Journal of Clinical Oncology ◽

10.1200/jco.2009.27.15_suppl.4559 ◽

2009 ◽

Vol 27 (15_suppl) ◽

pp. 4559-4559

Author(s):

C. Kim ◽

J. Lee ◽

Y. Choi ◽

B. Kang ◽

M. Ryu ◽

...

Keyword(s):

Gastric Cancer ◽

Phase I ◽

Dose Level ◽

Dose Finding ◽

Finding Study ◽

Level 3 ◽

Dose Finding Study ◽

Level 1 ◽

Grade 3 ◽

Level 2

4559 Background: We conducted a phase I dose-finding study of sorafenib (S) in combination with capecitabine (X) and cisplatin (P) in patients with previously untreated metastatic or inoperable advanced gastric cancer. Methods: Four dose levels of S, X, and P combination were tested. The doses of S (p.o. daily), X (p.o. on days 1–14), and P (i.v. on day 1) were escalated at the following schedule; level 1: S 400 mg/d, X 1,600 mg/m2/d, P 80 mg/m2; level 2: S 800 mg/d, X 1,600 mg/m2/d, P 80 mg/m2; level 3: S 800 mg/d, X 2,000 mg/m2/d, P 80 mg/m2; level 1A: S 800 mg/d, X 1,600 mg/m2/d, P 60 mg/m2. The cycle was repeated every 3 weeks. Dose limiting toxicities (DLTs) were evaluated only in the first cycles and a standard 3+3 dose escalation design was implemented. Results: A total 21 pts were enrolled in the study. No DLTs were observed at dose level 1 (n=3). One DLT (grade 3 diarrhea) was noted at dose level 2 (n=6), and 2 DLTs (two grade 4 neutropenias longer than 5 days in duration) were observed at dose level 3 (n=6), which made the level 3 dose the maximum tolerated dose (MTD).
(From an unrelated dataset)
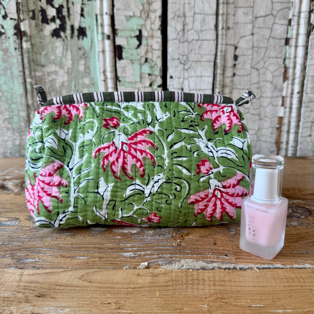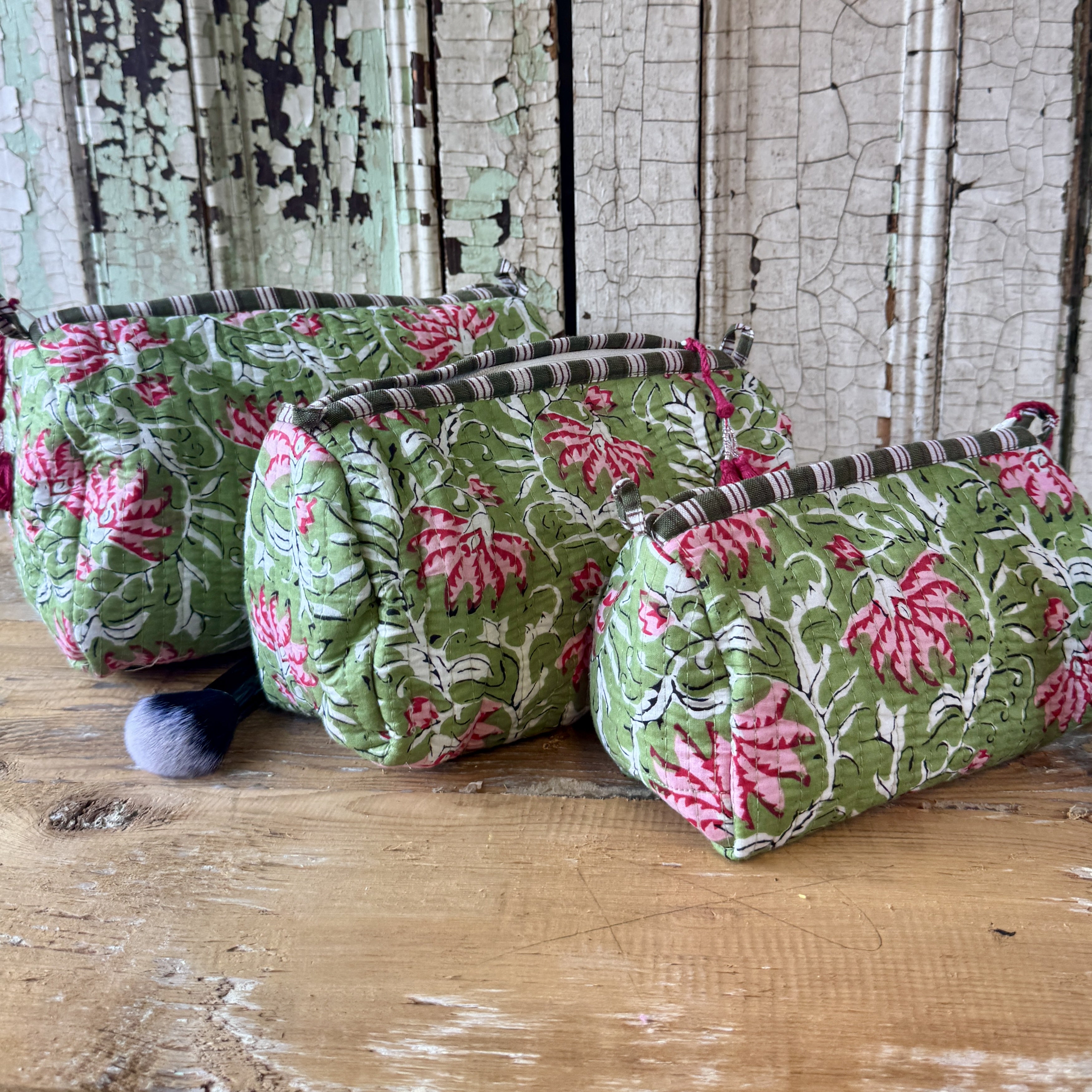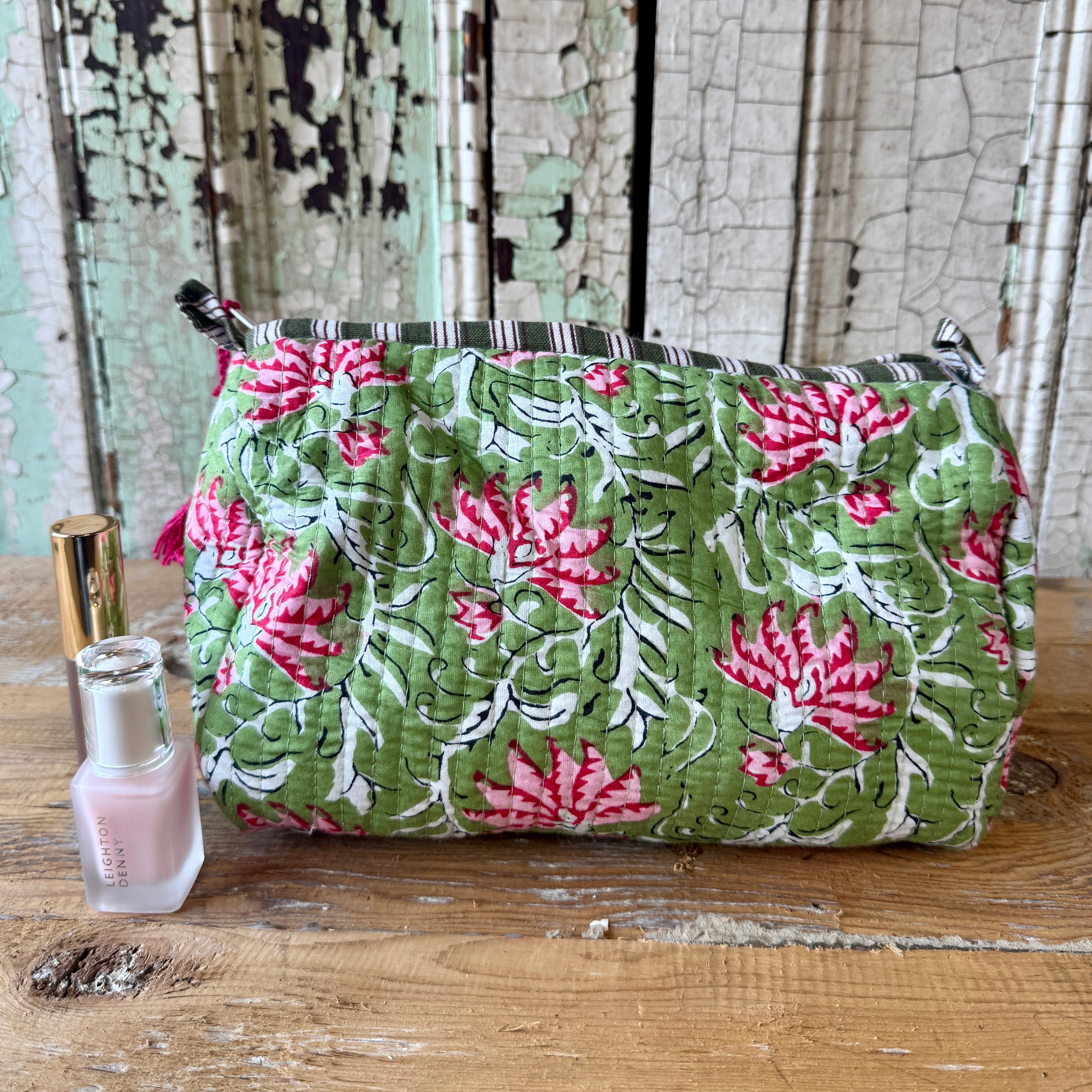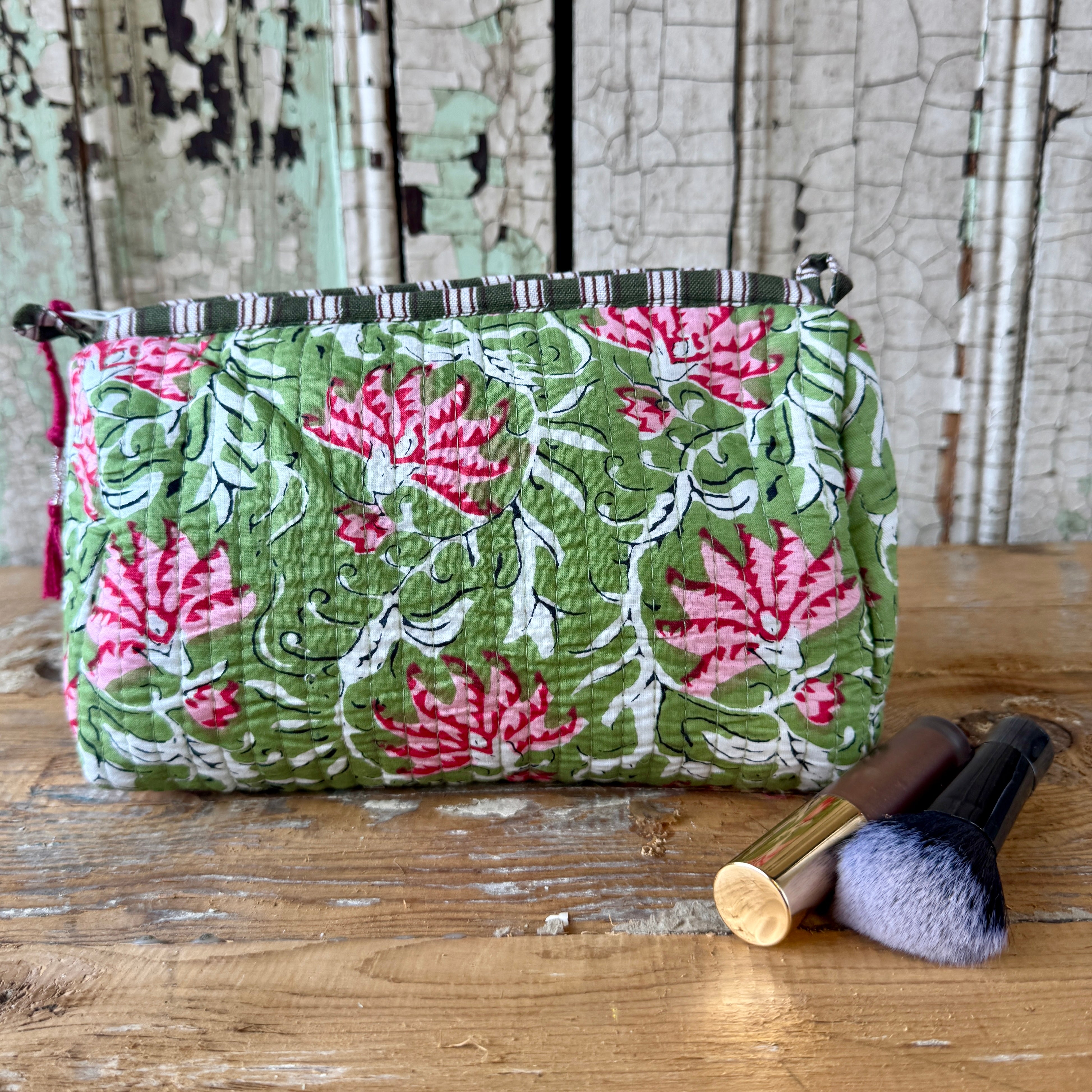 Made from premium quilted cotton, it offers a soft, elegant appearance. The interior is lined with a moisture-resistant material to shield contents from spills and dampness. Compact and lightweight, it fits easily into handbags or suitcases. Available in small, medium, and large sizes.

However, at cycle 2 and thereafter at dose level 2, the relative dose intensity (RDI) of S and X could not be maintained (mostly below 80%) due to the frequent dose reductions and cycle delays. So, we explored a new dose level (1A) between dose level 1 and 2. Since no DLTs were found in 6 patients at level 1A with RDI mostly above 80% throughout the treatment period, level 1A was determined as recommended dose (RD). Most frequent grade 3 and 4 hematologic toxicities were neutropenia (25.0% of cycles), and most frequent grade 2 and 3 non-hematologic toxicities were hand-foot syndrome (9.4%), asthenia (7.0%), and anorexia (5.5%). The objective responses were confirmed in 10 out of 16 patients with measurable lesions (62.5%; 95% CI, 38.8–86.2%). With a median follow-up of 8.1 months, estimated median progression-free survival was 10.0 months (95% CI, 1.6–18.4 months) and median overall survival has not been reached. Conclusions: Diarrhea and neutropenia were DLTs in this S, X, and P combination. The dose schedule of sorafenib 400 mg po bid daily with capecitabine 800 mg/m2 po bid on days 1–14, and cisplatin 60 mg/m2 iv on day 1 in every 3 weeks is recommended for further development in AGC. [Table: see text]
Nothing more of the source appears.